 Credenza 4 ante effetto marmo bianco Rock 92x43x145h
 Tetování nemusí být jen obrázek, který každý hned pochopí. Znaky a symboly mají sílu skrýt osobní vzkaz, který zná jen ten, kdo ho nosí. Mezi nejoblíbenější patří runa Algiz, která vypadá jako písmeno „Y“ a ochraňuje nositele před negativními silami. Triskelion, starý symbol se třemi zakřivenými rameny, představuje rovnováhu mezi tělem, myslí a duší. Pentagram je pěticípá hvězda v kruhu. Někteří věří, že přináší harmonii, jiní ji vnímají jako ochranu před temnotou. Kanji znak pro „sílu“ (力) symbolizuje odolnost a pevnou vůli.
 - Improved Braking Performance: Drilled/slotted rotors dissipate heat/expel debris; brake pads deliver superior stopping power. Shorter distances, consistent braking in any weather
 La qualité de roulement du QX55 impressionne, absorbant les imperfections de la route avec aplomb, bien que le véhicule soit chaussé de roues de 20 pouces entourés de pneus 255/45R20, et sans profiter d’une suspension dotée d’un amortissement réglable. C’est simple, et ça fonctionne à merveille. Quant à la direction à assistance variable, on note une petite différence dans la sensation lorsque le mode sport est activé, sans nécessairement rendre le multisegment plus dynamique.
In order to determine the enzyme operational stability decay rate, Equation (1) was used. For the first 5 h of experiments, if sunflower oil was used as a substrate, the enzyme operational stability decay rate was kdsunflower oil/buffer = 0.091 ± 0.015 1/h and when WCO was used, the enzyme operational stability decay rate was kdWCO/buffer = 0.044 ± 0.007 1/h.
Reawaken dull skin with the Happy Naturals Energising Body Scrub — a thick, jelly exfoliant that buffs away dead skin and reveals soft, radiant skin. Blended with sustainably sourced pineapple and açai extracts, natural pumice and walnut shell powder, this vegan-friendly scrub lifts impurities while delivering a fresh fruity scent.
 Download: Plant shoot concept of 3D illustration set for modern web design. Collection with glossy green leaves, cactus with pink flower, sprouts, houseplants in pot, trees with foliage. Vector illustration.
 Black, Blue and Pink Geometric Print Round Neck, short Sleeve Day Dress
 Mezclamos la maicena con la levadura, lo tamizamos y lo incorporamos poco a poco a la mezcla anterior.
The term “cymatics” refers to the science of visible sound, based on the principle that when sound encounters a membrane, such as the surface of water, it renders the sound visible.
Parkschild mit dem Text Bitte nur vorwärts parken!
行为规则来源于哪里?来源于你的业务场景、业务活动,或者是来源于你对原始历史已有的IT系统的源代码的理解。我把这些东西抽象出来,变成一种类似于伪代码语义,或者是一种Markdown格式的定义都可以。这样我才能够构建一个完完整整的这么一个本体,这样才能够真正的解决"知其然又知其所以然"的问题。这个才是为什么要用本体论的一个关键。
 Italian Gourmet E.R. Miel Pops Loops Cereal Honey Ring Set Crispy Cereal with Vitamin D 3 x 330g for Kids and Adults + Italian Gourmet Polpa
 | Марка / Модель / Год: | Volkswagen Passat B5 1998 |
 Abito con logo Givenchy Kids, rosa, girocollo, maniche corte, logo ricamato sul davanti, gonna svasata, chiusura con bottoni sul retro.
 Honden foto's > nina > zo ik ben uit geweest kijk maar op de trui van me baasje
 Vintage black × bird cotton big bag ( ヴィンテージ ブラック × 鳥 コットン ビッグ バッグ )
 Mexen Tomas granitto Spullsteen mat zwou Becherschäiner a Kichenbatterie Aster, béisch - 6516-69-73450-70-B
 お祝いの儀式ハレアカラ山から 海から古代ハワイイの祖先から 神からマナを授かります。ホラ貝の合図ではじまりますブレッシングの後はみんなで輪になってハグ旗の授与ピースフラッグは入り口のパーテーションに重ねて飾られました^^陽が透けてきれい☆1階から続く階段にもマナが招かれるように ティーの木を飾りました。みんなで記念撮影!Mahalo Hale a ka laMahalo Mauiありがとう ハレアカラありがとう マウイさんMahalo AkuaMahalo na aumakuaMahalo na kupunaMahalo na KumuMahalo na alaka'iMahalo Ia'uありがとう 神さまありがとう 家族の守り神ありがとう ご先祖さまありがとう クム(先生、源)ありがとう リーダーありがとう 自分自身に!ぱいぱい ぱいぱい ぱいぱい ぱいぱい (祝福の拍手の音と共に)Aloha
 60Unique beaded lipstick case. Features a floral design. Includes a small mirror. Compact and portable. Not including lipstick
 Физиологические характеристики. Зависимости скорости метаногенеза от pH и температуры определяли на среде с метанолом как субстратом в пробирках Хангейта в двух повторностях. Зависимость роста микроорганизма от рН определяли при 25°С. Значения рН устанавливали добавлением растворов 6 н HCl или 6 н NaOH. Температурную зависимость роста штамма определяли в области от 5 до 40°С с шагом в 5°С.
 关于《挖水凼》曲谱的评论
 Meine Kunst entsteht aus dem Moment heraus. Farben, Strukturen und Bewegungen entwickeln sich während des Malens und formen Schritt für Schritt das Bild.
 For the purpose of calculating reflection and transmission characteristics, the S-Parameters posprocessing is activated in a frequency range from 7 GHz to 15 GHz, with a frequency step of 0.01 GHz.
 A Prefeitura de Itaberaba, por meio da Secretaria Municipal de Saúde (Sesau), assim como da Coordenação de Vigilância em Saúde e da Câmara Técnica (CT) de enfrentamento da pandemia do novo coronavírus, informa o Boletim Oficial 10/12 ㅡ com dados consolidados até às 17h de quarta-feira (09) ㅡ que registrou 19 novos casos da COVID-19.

Task objective: Repeat each line of the data above, exactly as it appears, from the first through the line that contains "La qualité de".

Output of the exercise:
 Credenza 4 ante effetto marmo bianco Rock 92x43x145h
 Tetování nemusí být jen obrázek, který každý hned pochopí. Znaky a symboly mají sílu skrýt osobní vzkaz, který zná jen ten, kdo ho nosí. Mezi nejoblíbenější patří runa Algiz, která vypadá jako písmeno „Y“ a ochraňuje nositele před negativními silami. Triskelion, starý symbol se třemi zakřivenými rameny, představuje rovnováhu mezi tělem, myslí a duší. Pentagram je pěticípá hvězda v kruhu. Někteří věří, že přináší harmonii, jiní ji vnímají jako ochranu před temnotou. Kanji znak pro „sílu“ (力) symbolizuje odolnost a pevnou vůli.
 - Improved Braking Performance: Drilled/slotted rotors dissipate heat/expel debris; brake pads deliver superior stopping power. Shorter distances, consistent braking in any weather
 La qualité de roulement du QX55 impressionne, absorbant les imperfections de la route avec aplomb, bien que le véhicule soit chaussé de roues de 20 pouces entourés de pneus 255/45R20, et sans profiter d’une suspension dotée d’un amortissement réglable. C’est simple, et ça fonctionne à merveille. Quant à la direction à assistance variable, on note une petite différence dans la sensation lorsque le mode sport est activé, sans nécessairement rendre le multisegment plus dynamique.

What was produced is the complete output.